Benchmarking Algorithms

Sustain-Cluster currently employs the Soft Actor–Critic (SAC) algorithm, an off‐policy actor–critic method that maximizes a stochastic policy’s entropy‐augmented return. SAC alternates between two interleaved updates:

Policy (Actor) Update

(1)\[J_{\pi}(\phi) = \mathbb{E}_{s_t \sim \mathcal{D},\,a_t \sim \pi_\phi} \Bigl[\, \alpha\,\log \pi_\phi(a_t\mid s_t) \;-\; Q_\theta(s_t, a_t) \Bigr] \,.\]

Here:

  • \(\pi_\phi(a\mid s)\) denotes the stochastic policy parameterized by \(\phi\).

  • \(Q_\theta(s,a)\) is the soft Q-function parameterized by \(\theta\).

  • \(\alpha > 0\) is the temperature coefficient balancing exploration (via entropy) and exploitation.

  • \(\mathcal{D}\) is the replay buffer of past transitions.

Minimizing \(J_{\pi}\) encourages the policy to choose actions that both achieve high soft‐Q values and maintain high entropy, yielding robust exploration.

Q-Function (Critic) Update

(2)\[J_{Q}(\theta) = \mathbb{E}_{(s_t,a_t)\sim \mathcal{D}} \Bigl[\, \tfrac{1}{2}\bigl(Q_\theta(s_t,a_t) - y_t\bigr)^{2} \Bigr]\]

where the soft‐Bellman backup target is

\[\begin{split}y_t = r(s_t,a_t) \;+\; \gamma\, \mathbb{E}_{% \substack{s_{t+1}\sim p(\cdot\mid s_t,a_t)\\a_{t+1}\sim \pi_\phi}} \Bigl[ Q_{\bar\theta}(s_{t+1},a_{t+1}) \;-\; \alpha\,\log \pi_\phi(a_{t+1}\mid s_{t+1}) \Bigr] \,.\end{split}\]

Here:

  • \(r(s_t,a_t)\) is the immediate reward at step \(t\).

  • \(\gamma \in [0,1)\) is the discount factor.

  • \(Q_{\bar\theta}\) is a target network with parameters \(\bar\theta\), updated via Polyak averaging to stabilize training.

  • \(p(s_{t+1}\mid s_t,a_t)\) is the environment’s transition probability.

By fitting \(Q_\theta\) to these targets, the critic learns to approximate the entropy‐regularized state‐action value. The temperature term \(\alpha\) again trades off between reward maximization and policy entropy.
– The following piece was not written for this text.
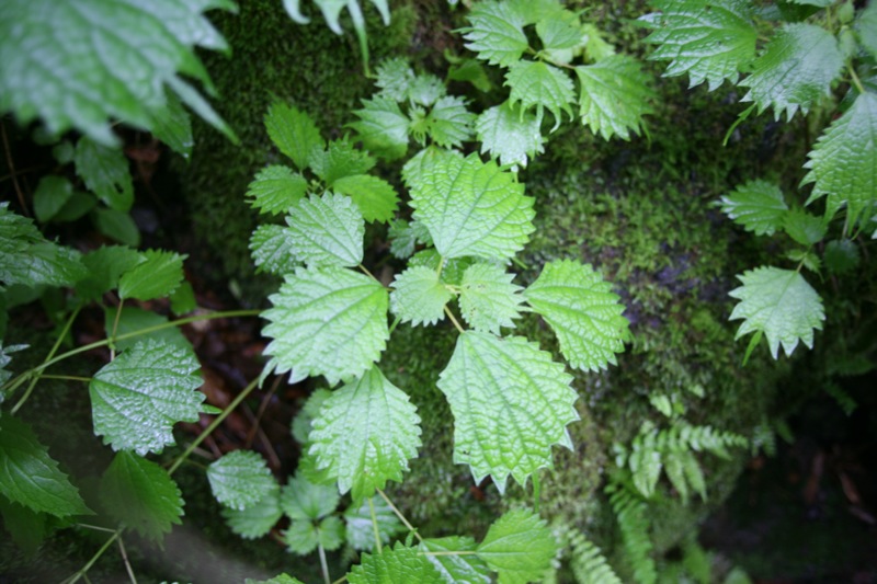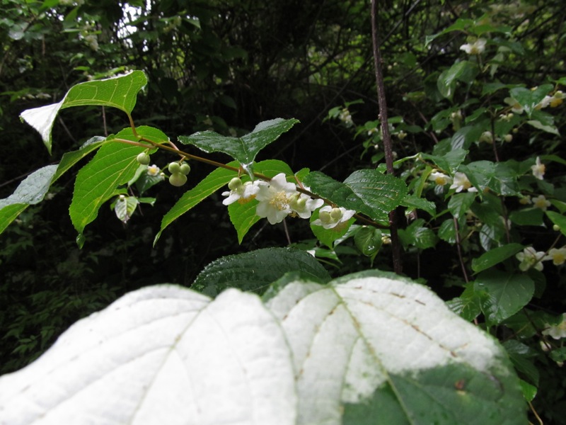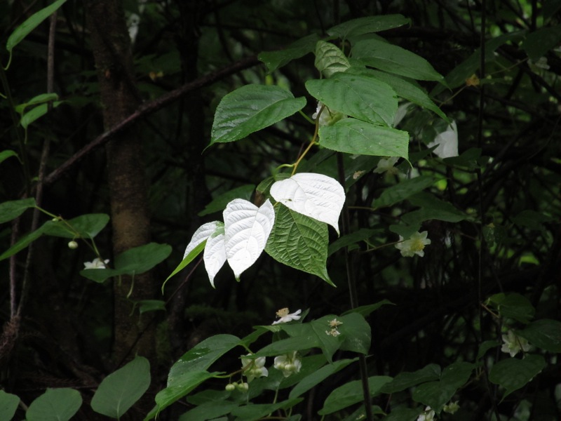 細倉橋のところで舗装された林道に出ました。そこにこれがあったのです。わたしは「ハンゲショウ」などと叫んでいたのですが、まったくのデタラメ。ごくあたりまえのマタタビでした。

Overall, SAC proceeds by sampling minibatches from the replay buffer, performing a gradient descent step on the critic loss \(J_Q\), then updating the policy parameters \(\phi\) to minimize \(J_{\pi}\), and finally updating the target network parameters \(\bar\theta\) towards \(\theta\). This off‐policy, entropy‐regularized framework yields both sample efficiency and stable learning.

We are also extending Sustain-Cluster to support on‐policy methods such as Advantage Actor–Critic (A2C), which is currently a work in progress. In future releases, we plan to integrate additional algorithms from the Ray RLlib ecosystem—see the Ray RLlib documentation—to enable a broader and more rigorous benchmarking suite.